# DNR (Game Warden)



## rcl700 (Feb 24, 2015)

I'm looking for information on becoming a DNR Conservation Ranger. There seems to be little information out there related to current job duties, job openings, and other related information. Are there any DNR Rangers on this site that can answer questions about the department? 

I mostly find back dated posts indicating they are on a severe hiring cut back. Is this still the case. I have an associate's degree and a clean criminal record. I'm just wondering how hard it is to get on with a department like this. 
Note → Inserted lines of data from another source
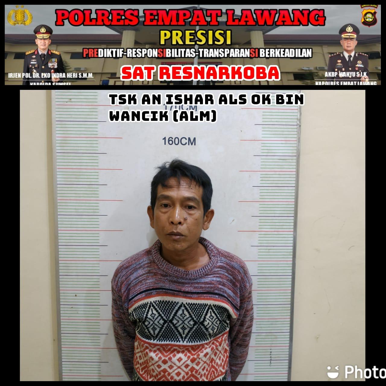 Kliksumatera.com, EMPAT LAWANG- Is Alias Ok (51) warga Talang Jerambah Desa Tanjung Agung Kecamatan Ulumusi Kabupaten Empat Lawang yang sudah menjadi salah satu Target Operasi (TO) dari Satresnarkoba Polres Empat Lawang, akhirnya berhasil ditangkap Polisi berdasarkan informasi dari masyarakat dan Lp-A / 31 / VI /SPKT.SATNARKOBA/RES EMPAT LAWANG/SUMSEL, tgl 26 Juni 2021.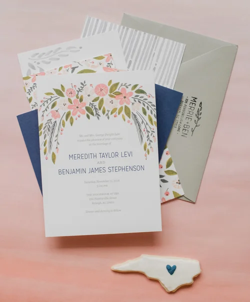 For their wedding, Merrie and Ben wanted invitations that balanced the traditional and the modern, fit with the relaxed feel of their venue, and that were romantic without being girly.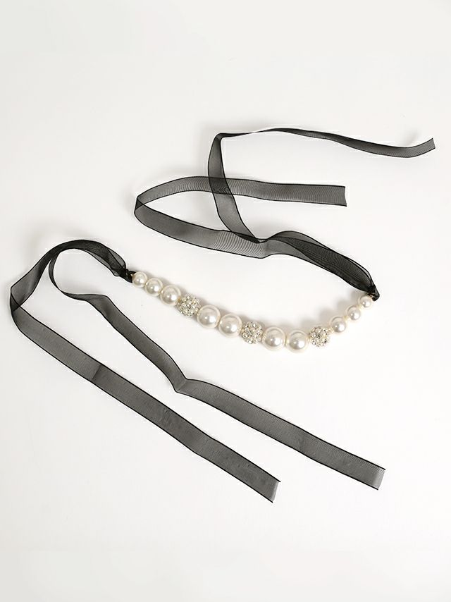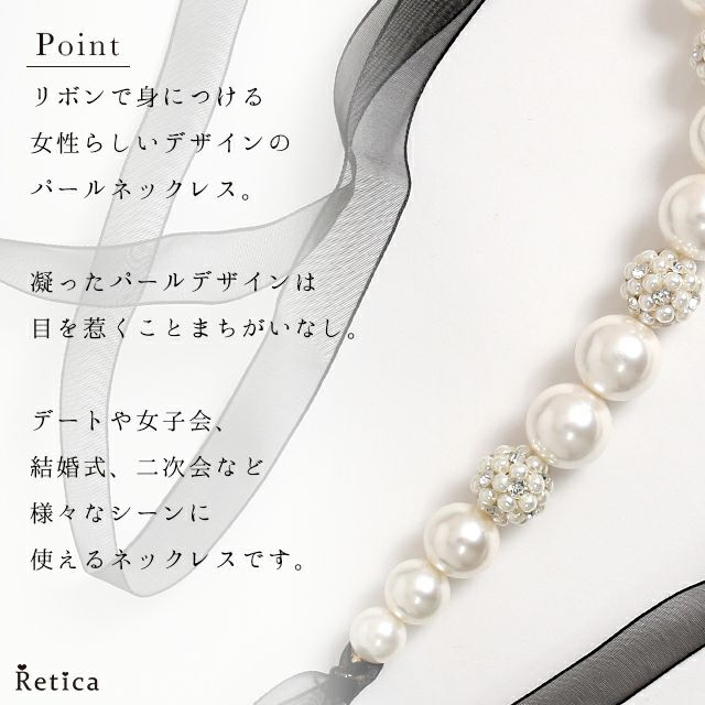 3. パール×ビジューリボンネックレス(ホワイト×ブラック)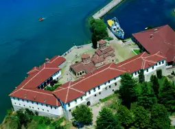 Овој манастир е подигнат од св. Наум Охридски чудотворец и го носи неговото име. Попознат е како манастир Свети Наум Охридски иако црквата е посветена на светите архангели Михаил и Гаврил. Во житието на Св. Наум се вели дека црквата била подигната на јужниот брег на Охридското Езеро и дека била посветена на светите архангели Михаил и Гаврил. Манастирот повеќепати страдал од пожари и уривање, по што пак бил обновуван. Едно време бил важен просветен центар. Во него во почетокот на 19 век се школувал и Димитрија Миладинов. Во црквата се наоѓа и гробот на св. Наум Охридски и многу луѓе од разни вери и националности го посетуваат и бараат исцеление. Околу манастирот има повеќе свети води, Света Петка, Свети Атанасиј, Агијазмо и др.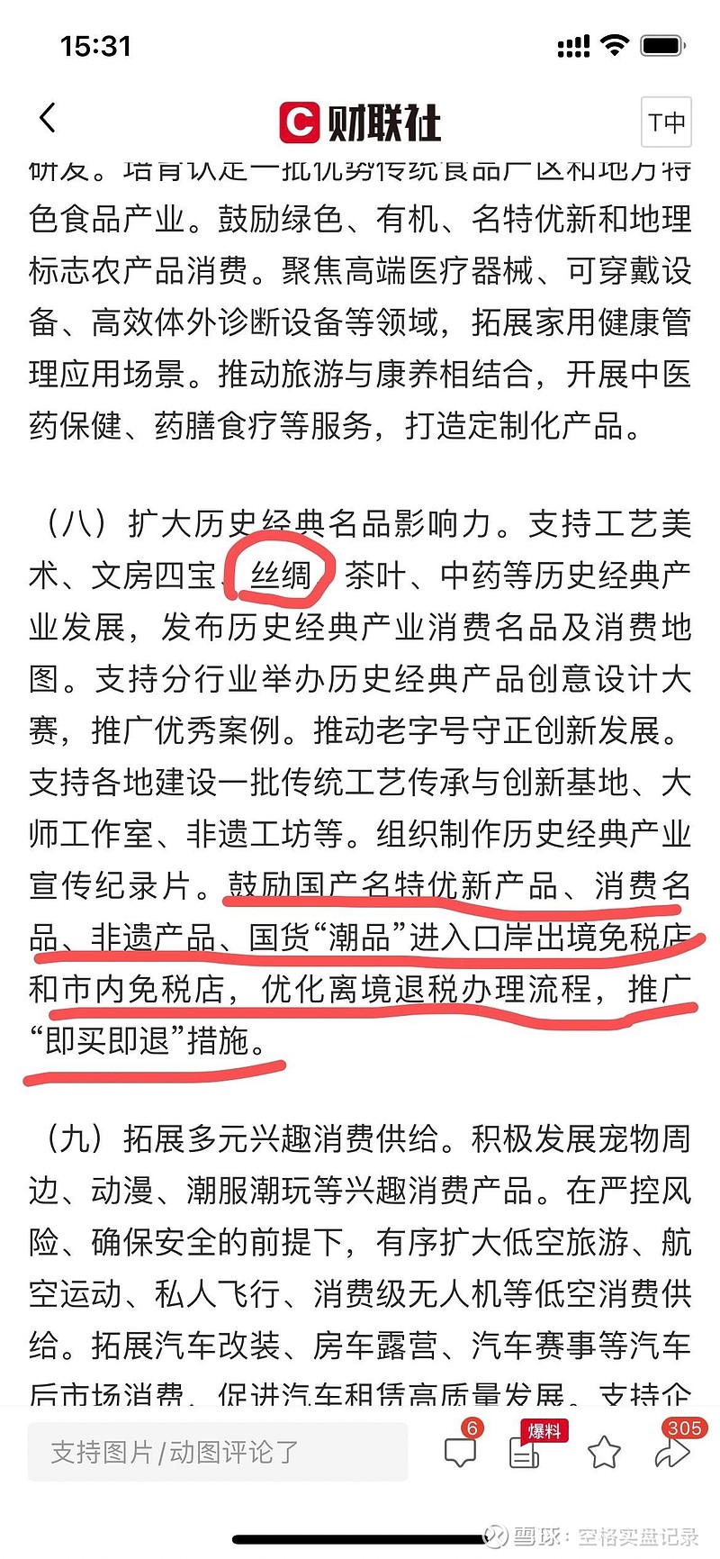 另外,促消费方案中支持丝绸等历史经典产业发展,鼓励其进入免税店,推广“即买即退”措施。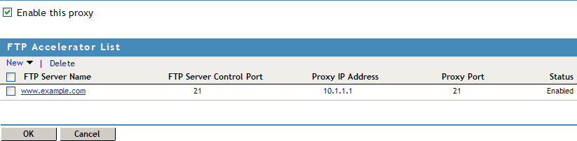 Enable This Particular Accelerator: Select this check box to enable the configured server. You can disable the server if you are configuring multiple accelerations.You can disable one or more servers without affecting the other accelerated sites.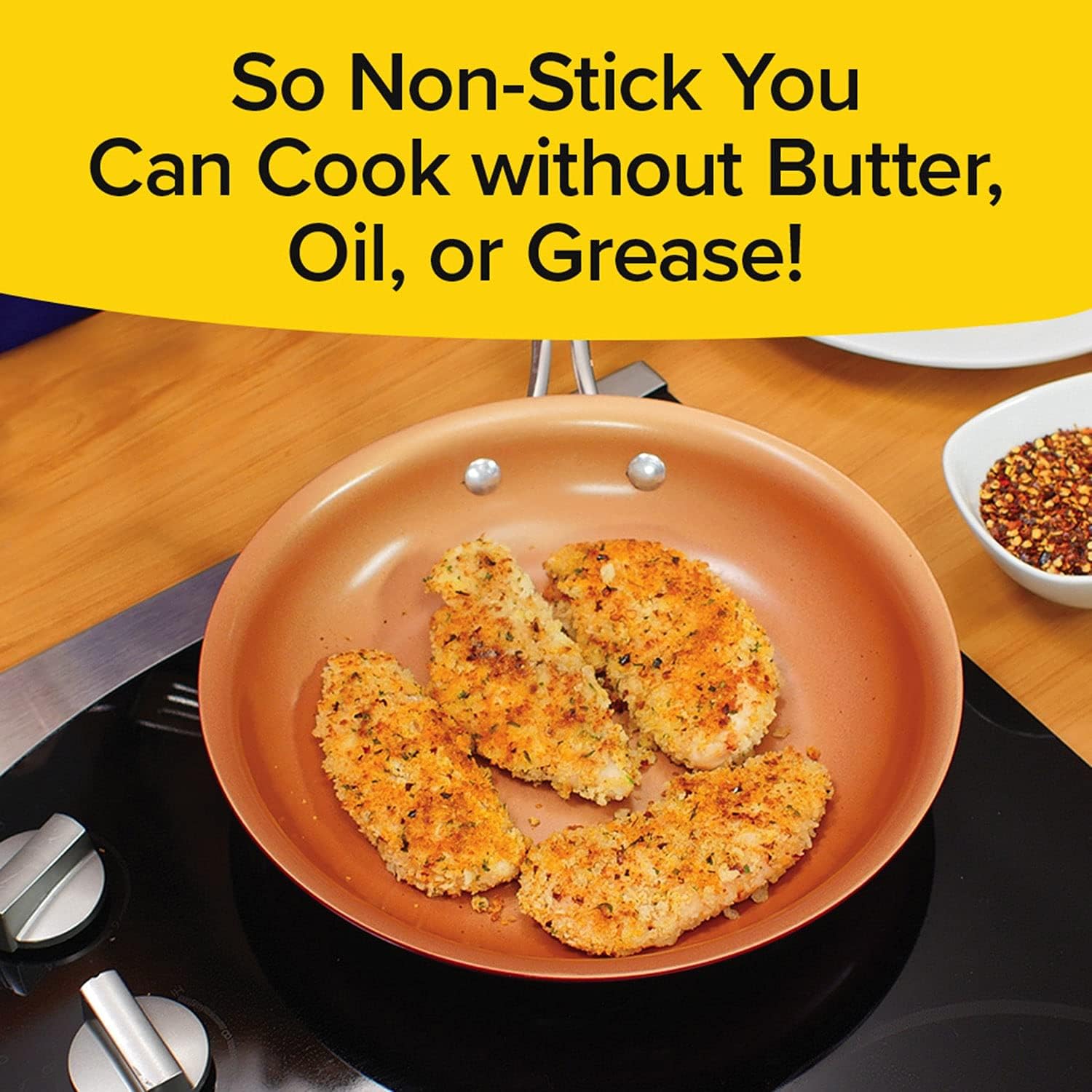 The BulbHead Red Copper Pan is a 10-inch skillet infused with copper and coated with a durable, high-heat ceramic surface that resists peeling, chipping, and scratching without PFOA or PTFE. Its naturally non-stick ceramic layer lets you easily cook breakfast meats, eggs, vegetables, and more. Aluminum rings provide even heat distribution to eliminate hot spots. Safe for stovetop use and oven-ready up to 500°F, it’s perfect for browning, searing, and finishing dishes. Hand wash only, season with vegetable oil before first use, and use soft utensils to maintain its surface.

Any insight into becoming a conservation Ranger or the pros and cons would be greatly appreciated.


Thanks guys.


----------



## Cedarridge Tomcat (Feb 26, 2015)

Hey,  Have you checked in on the internships available w/DNR?  Go to the www.gohuntgeorgia.com site and take a look....good way to get your foot-in-the-door!!  Its under the get involved tab


----------



## Atlanta Dawg (Feb 27, 2015)

Curious-so I googled what is being sought and it brings up their websites with applications, openings, details, etc....perhaps you should do likewise and see where it leads.


----------



## satchmo (Feb 27, 2015)

Pm C.Killmaster, he definitely knows. Good luck to you.


----------



## BBond (Mar 2, 2015)

http://www.gadnr.org/sites/uploads/dnr/pdf/Becoming_a_CONSERVATION_RANGER_%285-1-12%29.pdf


----------